[Editor’s note: Each Sunday, Robot 6 contributors discuss the best in comics from the last seven days — from news and announcements to a great comic that came out to something cool creators or fans have done.]
Two sure signs the year is drawing to an end: It’s snowing in Massachusetts and the Best of the Year lists are starting to appear. Publishers Weekly released theirs yesterday, and there’s something interesting about it: Although there is a separate category for comics, several graphic novels are nominated in other categories as well.
This is by no means unprecedented—after all, Maus, one of the first graphic novels, won a Pulitzer Prize—but we seem to be seeing more of it. Roz Chast’s Can’t We Talk About Something More Pleasant? won the inaugural Kirkus Prize for Nonfiction. This is a prize with only three categories, yet two graphic novels made the final round (the other was Cece Bell’s El Deafo, which was a finalist in the Young Readers category). Gene Yang was a speaker at the National Book Festival gala in September, giving him a prominent platform to speak to general readers who might pick up a graphic novel, as opposed to die-hard fans of the medium, and it’s become more and more common for graphic novels to make the shortlists for general book awards.

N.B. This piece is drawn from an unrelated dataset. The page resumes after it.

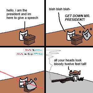 Hello, i am the president and im here to give a speech. Blah blah blah. Get down mr. President! All your heads look bloody twelve feet tall!
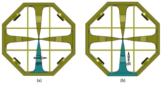 The temperature distribution of the cavity is shown in Figure 17a. The maximum temperature rise in the cavity is 13.6 C and is located at the output undercut of the cavity. The maximum deformation occurs at the same location with a size of 40.3 µm. As shown in Figure 17c, the maximum thermal stress is 14.3 MPa, which is lower than the yield strength of oxygen-free copper (60 to 70 Mpa) []. Finally, the frequency shift caused by the deformation is −22.8 kHz.

Chast’s book makes PW’s Best Comics list, which is not surprising. I just read it yesterday and it’s really, really good. The rest of the list is pretty respectable too, four books that all fall into what I think of as the Serious Indy category: Farel Dalrymple’s The Wrenchies, Eleanor Davis’s How to Be Happy, Jaime Hernandez’s The Love Bunglers, and Fabien Vehlmann and Kerascoët’s Beautiful Darkness. That’s a pretty solid list, although one wonders why they couldn’t have come up with more than five titles, when some of the other categories have more than ten. It’s been a pretty good year for graphic novels.
Anyway, here’s the thing: El Deafo makes the Middle Grade list and both Emily Carroll’s Through the Woods and Jillian and Mariko Tamaki’s This One Summer are included on the Young Adult list. Looking at these lists, it’s clear that they were intended to cross genres—they include works from the other categories, such as poetry—but it’s still pretty cool that each one includes at least one graphic novel.
As both Chast’s book and El Deafo illustrate, a good story has a lot of crossover potential. Marketing graphic novels to the general public has been something of a challenge, but this sort of visibility makes it easier—once one is out there, more will follow.